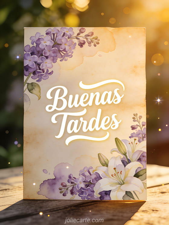 Comparte elegancia con esta tarjeta de buenas tardes con un hermoso borde floral en acuarela de lilas y lirios sobre papel vintage. Descubre también una tarjeta de deseándoles una buena tarde o de gif buenas tardes soleado.
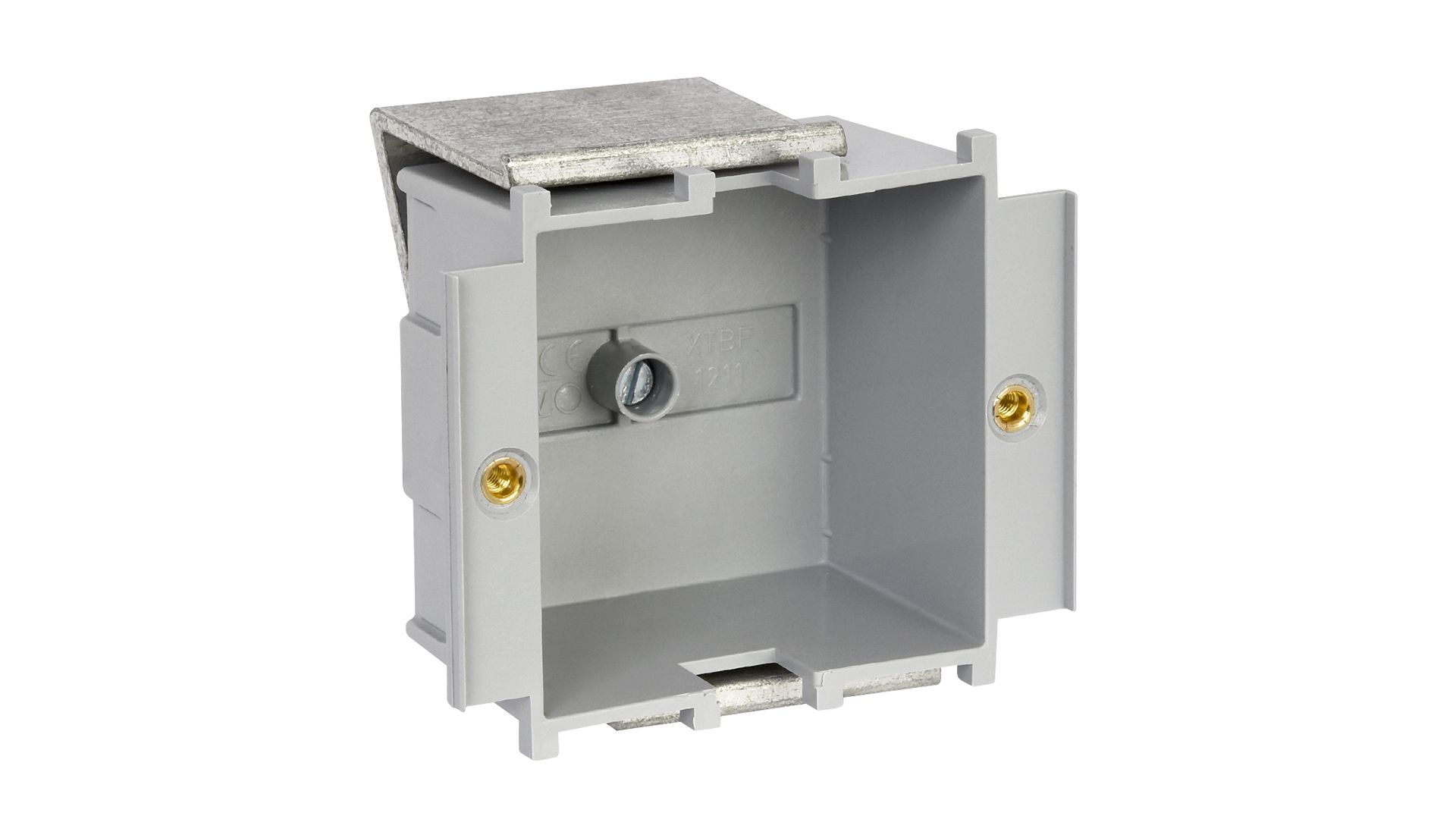 Apparatdosa som passar för kraftuttag ABB exempelvis CUED 416-6. Apparatdosan fixeras i kanalen med medföljande tillbehör (exkl. dragavlastare).
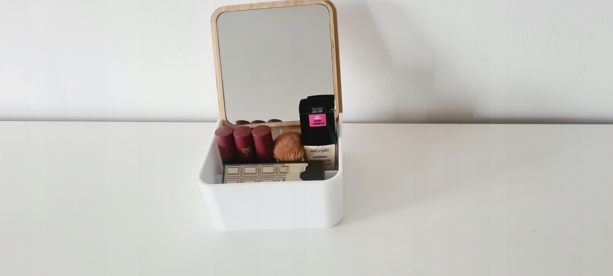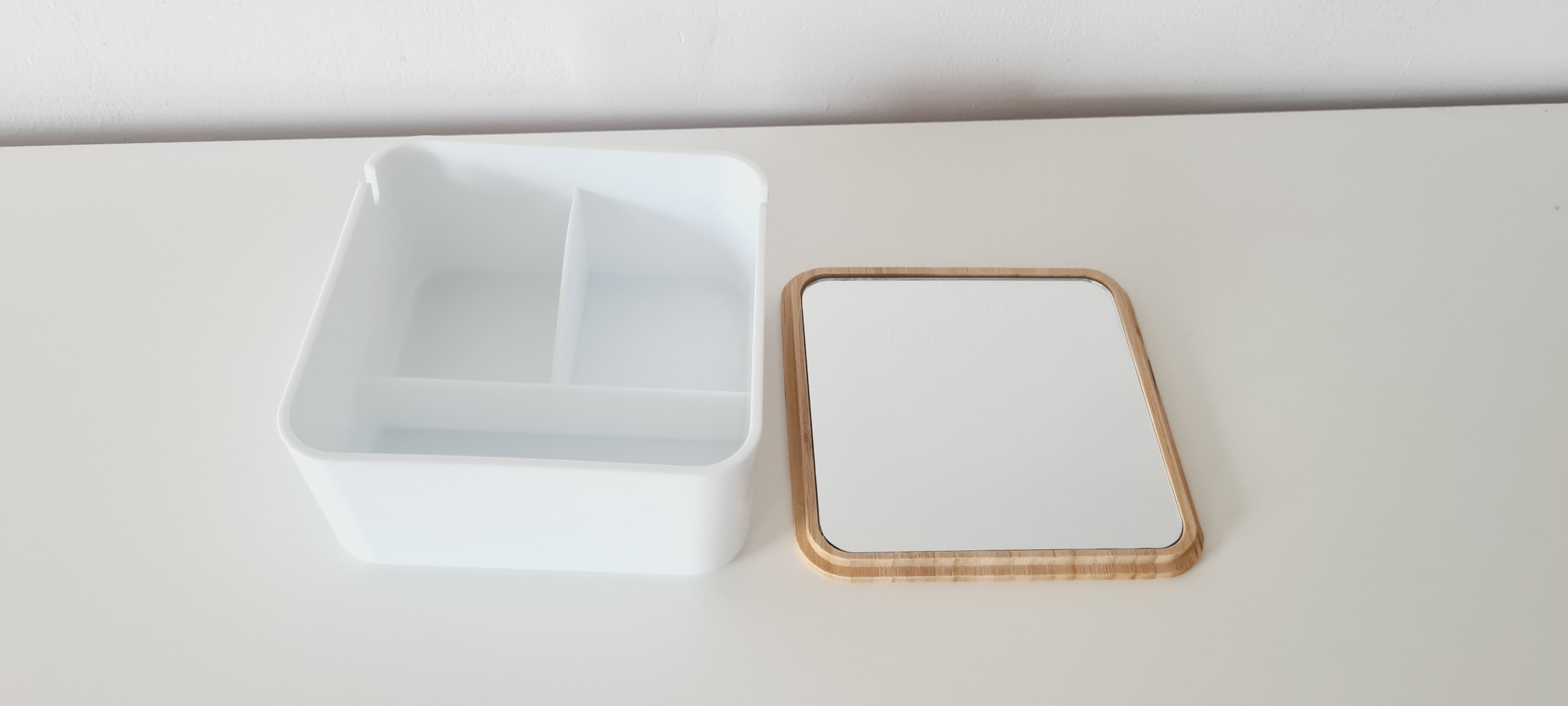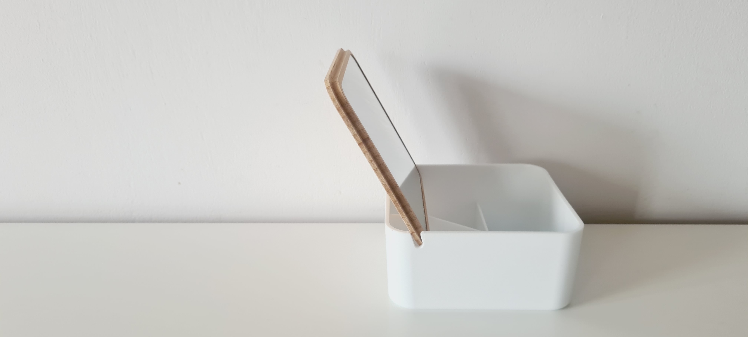 Bambusowy pojemnik do przechowywania z lusterkiem Biały
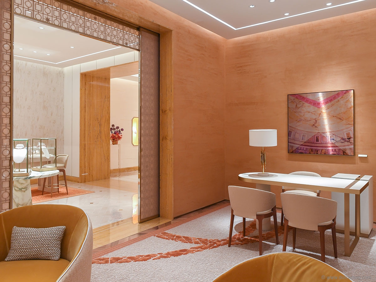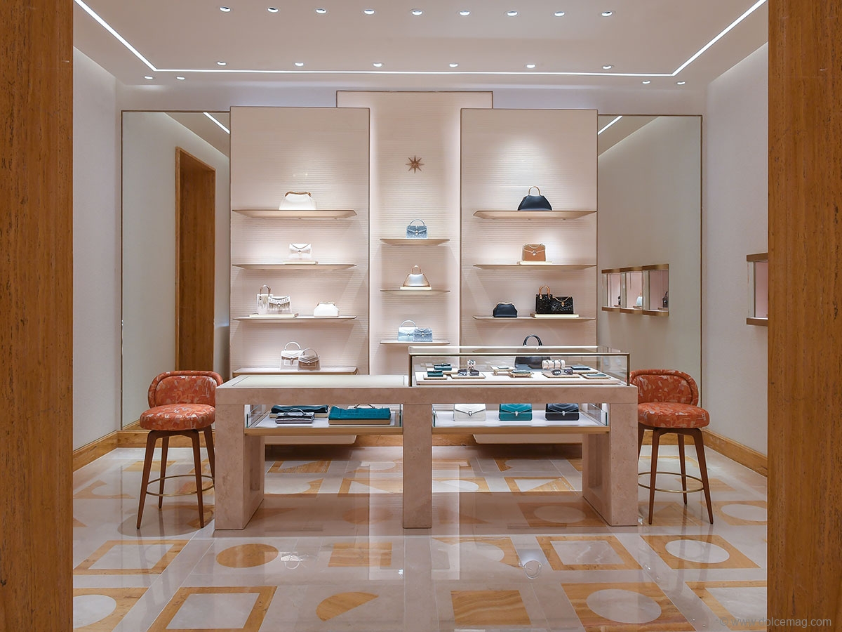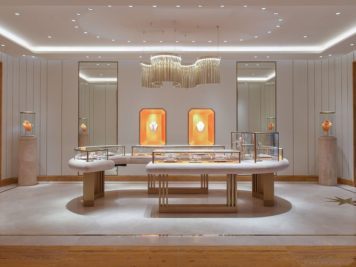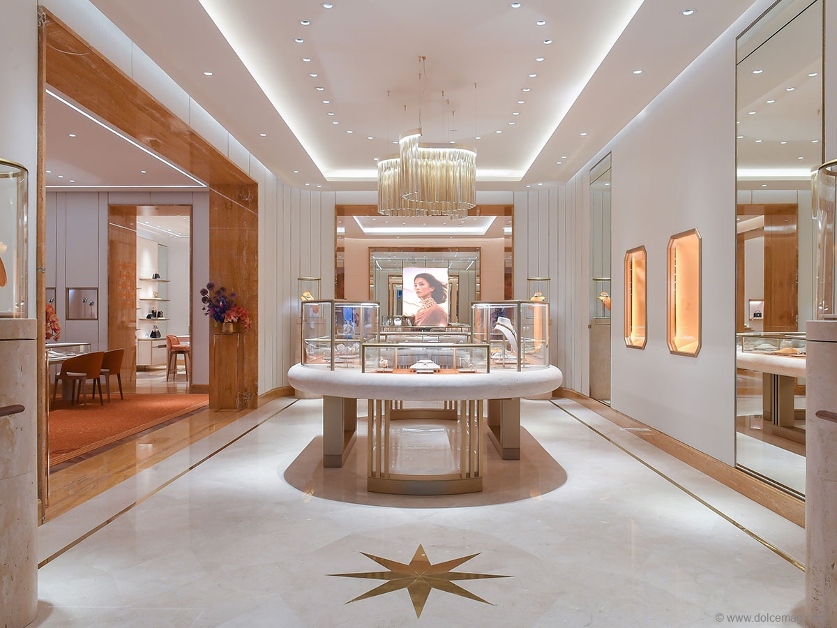Upon crossing the boutique threshold, guests are led through a series of adjoining rooms, featuring iconic jewelry collections, leather goods, a dedicated watch area and a private lounge, all connected by a central gallery displaying Bvlgari jewels.
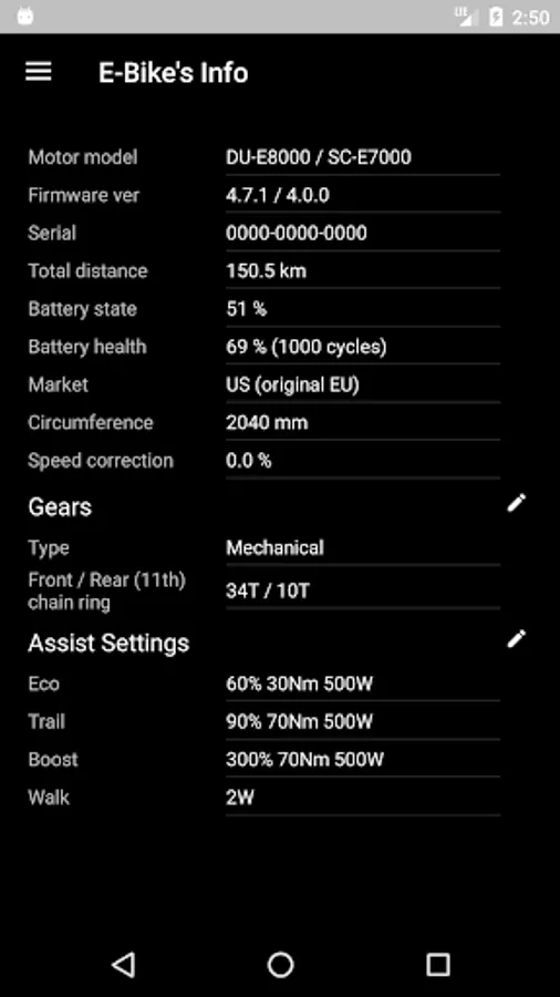 Warning: the new EP801 and EP6 motors do not support changing advance settings (region, circumference). All other motors with the latest firmware do not support changing advanced settings via Bluetooth.
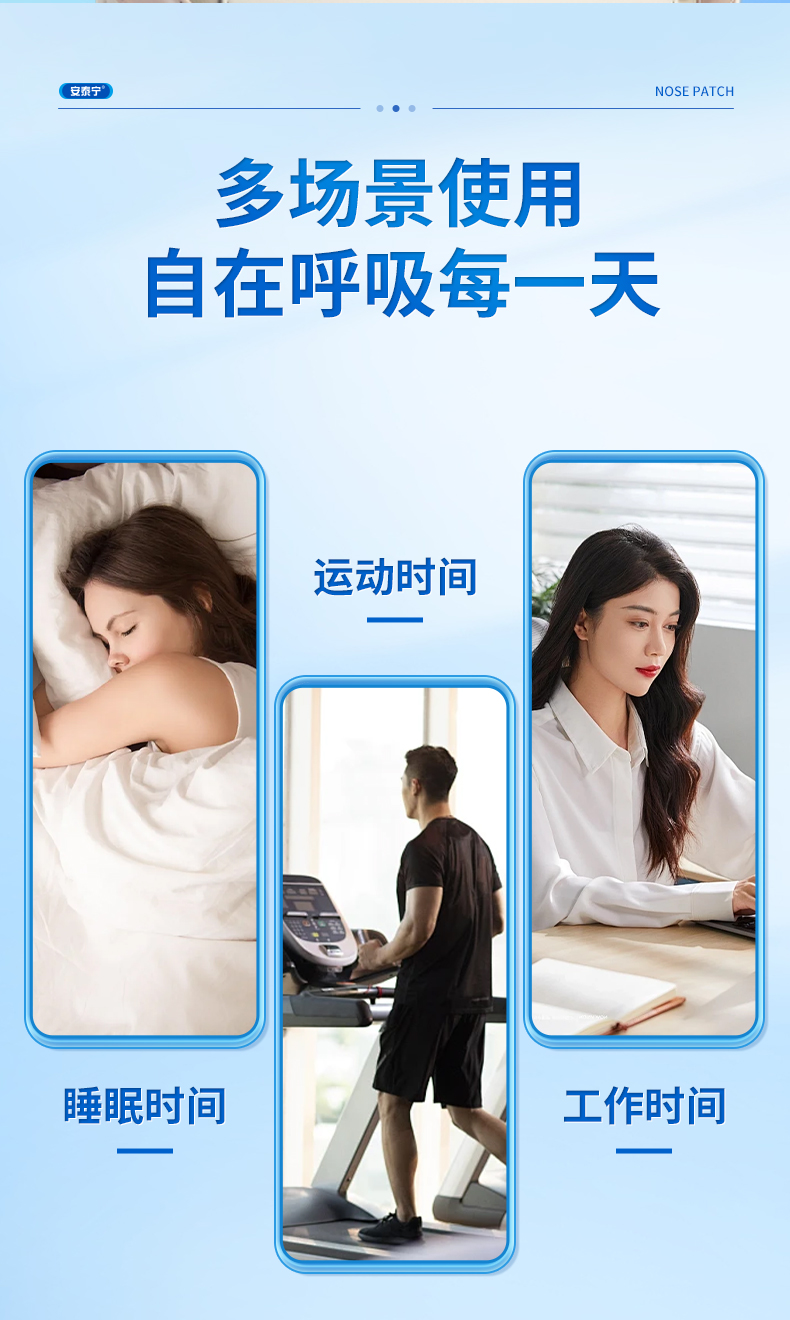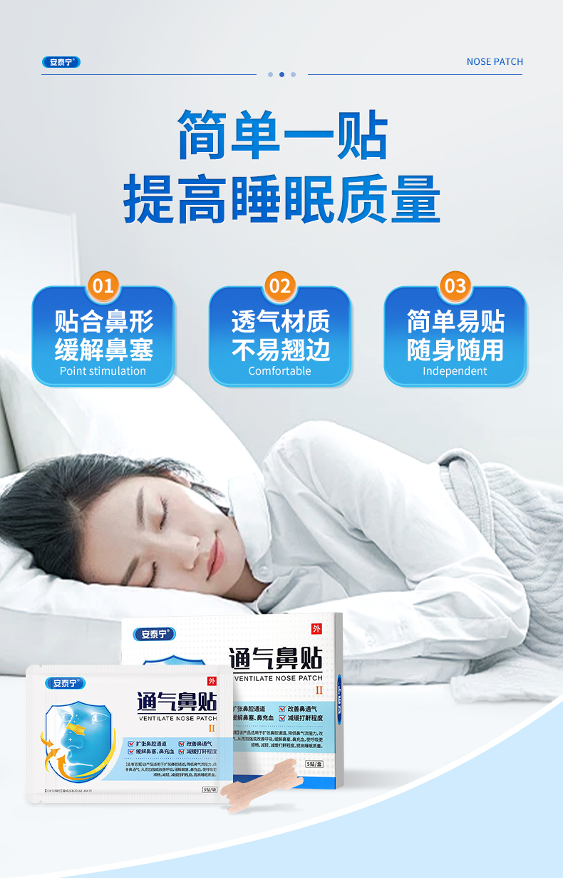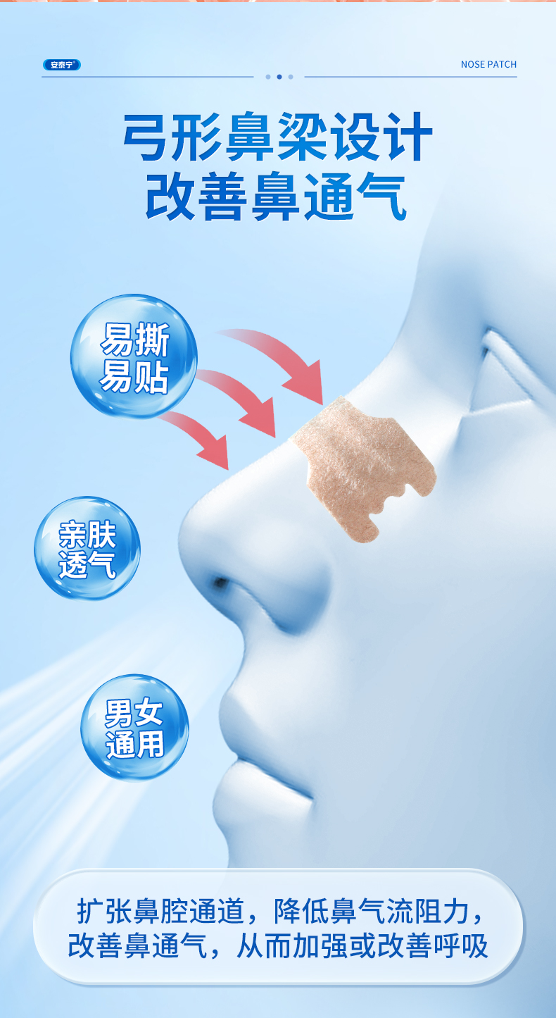 安泰宁通气鼻贴改善呼吸缓解鼻塞鼻充血睡觉打鼾减轻鼾声官方正品
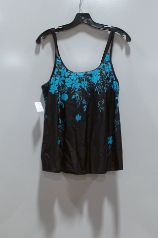 Dive into summer with this stylish women's swimsuit top! Featuring a beautiful floral print, this top is perfect for lounging by the pool or swimming in the ocean. The top is black with a blue floral pattern. This swimsuit top is designed for both comfort and style.
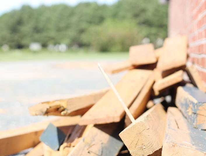 Piles of lumber cover the baseball field during rennovation. The new bleachers are projected to be ready by spring semester.
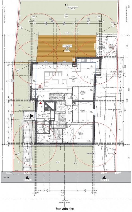 Les appartements du r.d.ch de 139 m2, avec 56 m2 de terrasse, et au 1 .étage appartement de 3 chambres de 136 m2, avec balcon de 13.15 m2 peuvent aussi convenir pour professions libérales comme p.ex. : Cabinets médicaux ou d‘avocats.
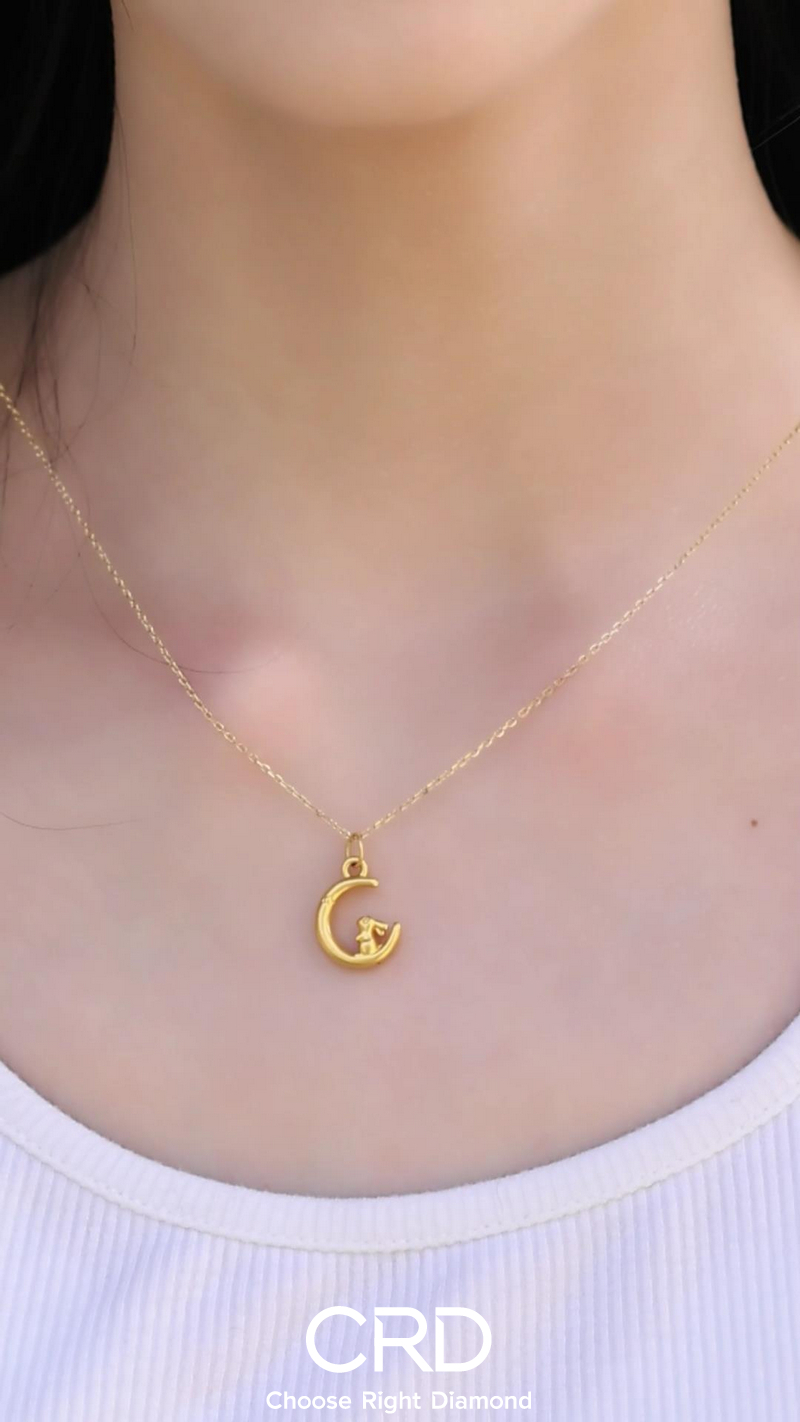 月亮,既是团圆的象征,也是祝福的使者。佩戴它,不仅是对美的追求,更是对亲情的珍视与传承。无论是送给家人还是朋友,月亮足金项链都能成为你表达心意的最佳选择。在每一个重要的时刻,让这份月满人间的温情,传递着你的爱与祝福。同时,月亮足金项链还注重佩戴的实用性与美观性。轻盈的链条设计,不会给颈部带来负担;而独特的造型与足金的质感,则让你在人群中脱颖而出,成为众人瞩目的焦点。它不仅仅是一件珠宝,更是一种情感的纽带,连接着你与亲朋好友之间的深厚情谊。

####

-- PROBLEM TO SOLVE --
Restate the lines above from the one containing "安泰宁通气鼻贴改善呼吸缓解鼻塞鼻充血睡觉打鼾减轻鼾声官方正品" through the one containing "Dive into summer", inclusive, exactly and without pictures.

-- PROBLEM SOLUTION --
 安泰宁通气鼻贴改善呼吸缓解鼻塞鼻充血睡觉打鼾减轻鼾声官方正品
 Dive into summer with this stylish women's swimsuit top! Featuring a beautiful floral print, this top is perfect for lounging by the pool or swimming in the ocean. The top is black with a blue floral pattern. This swimsuit top is designed for both comfort and style.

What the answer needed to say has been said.